Just two of the many alcohol bottles recovered from a rubbish pit at Violet Cottage. Image: C. Dickson.

Most of the remainder of the artefacts recovered from the site were either ceramics or animal bones (i.e. food waste from the Moores’ meals). The ceramics included a range of serving wares that suggested a well-to-do middle class establishment. There was a tureen, a platter, a milk jug and dinner plates, as well as more utilitarian items, such as chamber pots, a colander and a rather fabulous wash basin. There was only one tea cup, one saucer and no teapots – while that may not seem that interesting, archaeologists have often identified the presence and role of women on 19th century archaeological sites through the ritual of afternoon tea, and the material remains of that ritual. There was some evidence, however, to suggest a matching set of sprigged ware – and this may have been a tea set, as the items from this set were a milk jug, a saucer and a side plate.

 Ceramics from Violet Cottage. Clockwise from top left: a tureen, a Fibre-decorated side plate, the base of a serving dish and a colander. Image: C. Dickson.


Ceramics from Violet Cottage. Clockwise from top left: a tureen, a Fibre-decorated side plate, the base of a serving dish and a colander. Image: C. Dickson.

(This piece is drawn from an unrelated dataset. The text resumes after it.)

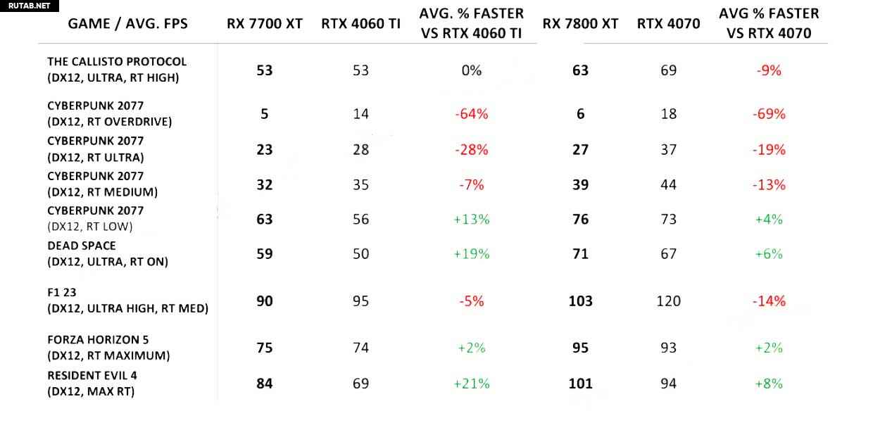 При включенной трассировке лучей AMD Radeon RX 7800 XT на 55% медленнее, чем RTX 4070. Особенно сильно карта отстала в Cyberpunk 2077, где производительность упала на -69%. RX 7700 XT оказалась на 5,4% медленнее, чем RTX 4060 Ti 16 ГБ. Подводя итоги:

 Fragments of sprigged porcelain recovered from Violet Cottage. Image: C. Dickson.


Fragments of sprigged porcelain recovered from Violet Cottage. Image: C. Dickson.

The animal bones tell us that the Moores were eating mutton and beef, with a preference for mutton, and a range of both cheap and expensive cuts present – beef cheek anyone? The cuts of mutton were from both the forequarter (or shoulder) and the leg, with the latter suggesting the consumption of roast mutton. In amongst all this evidence for food and its consumption, it is perhaps surprising that no condiment containers were recovered from the site – no vinegars, salad oils or pickles.

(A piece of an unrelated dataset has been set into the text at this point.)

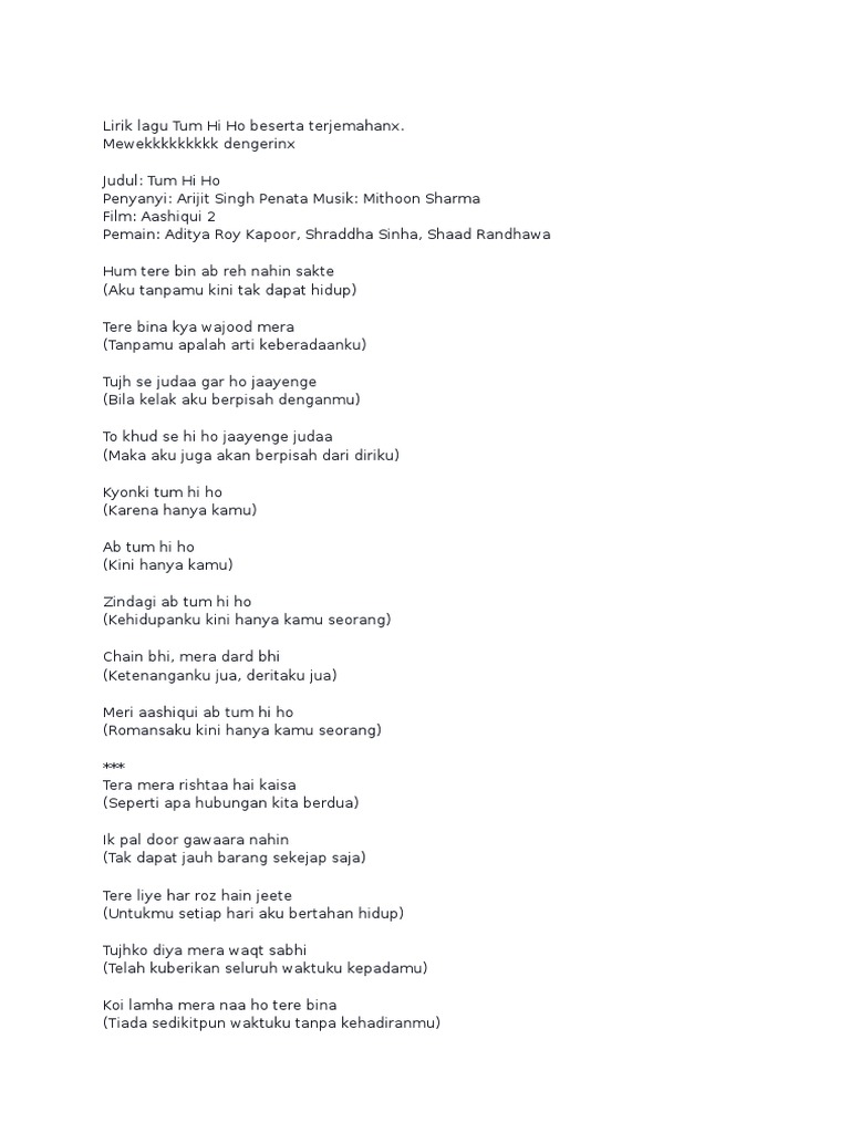 Lirik Tum Hi Ho Cari Pembahasannya

 A wash basin decorated with the Magnolia pattern, found at Violet Cottage. Image: C. Dickson.


A wash basin decorated with the Magnolia pattern, found at Violet Cottage. Image: C. Dickson.

The artefact from the site that I found most evocative was a porcelain platter, made by Spode, and decorated with a blue floral pattern. The interesting thing about this platter was that the maker’s mark indicated that it was made between c.1805 and 1830 (The Potteries 2008). That means that it was made before the Moores arrived in New Zealand, and that the Moores are very likely to have brought it with them from England, and kept it carefully and safely throughout their travels. For the family, this piece of china may have provided a direct and tangible link between the life they left behind in England and their new life here on the other side of the globe.

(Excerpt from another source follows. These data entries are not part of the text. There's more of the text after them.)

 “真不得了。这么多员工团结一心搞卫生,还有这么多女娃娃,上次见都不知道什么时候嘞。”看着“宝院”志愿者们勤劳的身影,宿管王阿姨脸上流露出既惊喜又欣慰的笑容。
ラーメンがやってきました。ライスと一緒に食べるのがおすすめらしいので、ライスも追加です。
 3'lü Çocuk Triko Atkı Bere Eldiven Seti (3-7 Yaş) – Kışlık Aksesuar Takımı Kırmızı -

 A Spode platter, made between c.1805 and 1830 (The Potteries 2008). Image: C. Dickson.


A Spode platter, made between c.1805 and 1830 (The Potteries 2008). Image: C. Dickson.

We can’t relate this artefact to gender (at least, not without making a whole lot of assumptions that don’t sit comfortably), but it does tell us about the sort of items that new colonists – of a certain class – brought with them for their new lives, and their expectations of those lives: I don’t imagine that the holds of migrant ships were packed with Spode platters or ashets… This platter suggests that the Moore family expected to dine well, and possibly even to entertain, and to maintain certain standards in their new home.

Our experience at this site confirms that gender – and gender roles – can be difficult to explore archaeologically. But the question is an important one and needs to be considered carefully at any archaeological site, rather than simply making assumptions about the role of women in 19th century Christchurch.

Katharine Watson, Chelsea Dickson & Julia Hughes

References

Andersen, J. C., 1949. Old Christchurch in Picture and Story. Simpson and Williams Ltd, Christchurch.

Greenaway, R. L. N., 2007. Barbadoes Street Cemetery Tour. [online] Available at: http://christchurchcitylibraries.com/heritage/cemeteries/barbadoes/barbadoesstreetcemetery.pdf [Accessed June 2014].

H. Wise & Co., 1878-1979. Wises New Zealand Post Office Directories. Dunedin: H. Wise & Co.

Hughes, J., Dickson, C. and Geary Nichol, R., 2014. 89 Chester Street East, Christchurch: report on archaeological monitoring. Unpublished report for Hawkins Ltd.

Jacobson, H. C., 1914. Tales of Banks Peninsula. Akaroa: Akaroa Mail Office.

Lundy, D., 2014. Dr. Thomas Richard Moore. [online] Available at: <http://www.thepeerage.com/p44788.htm> [Accessed June 2014].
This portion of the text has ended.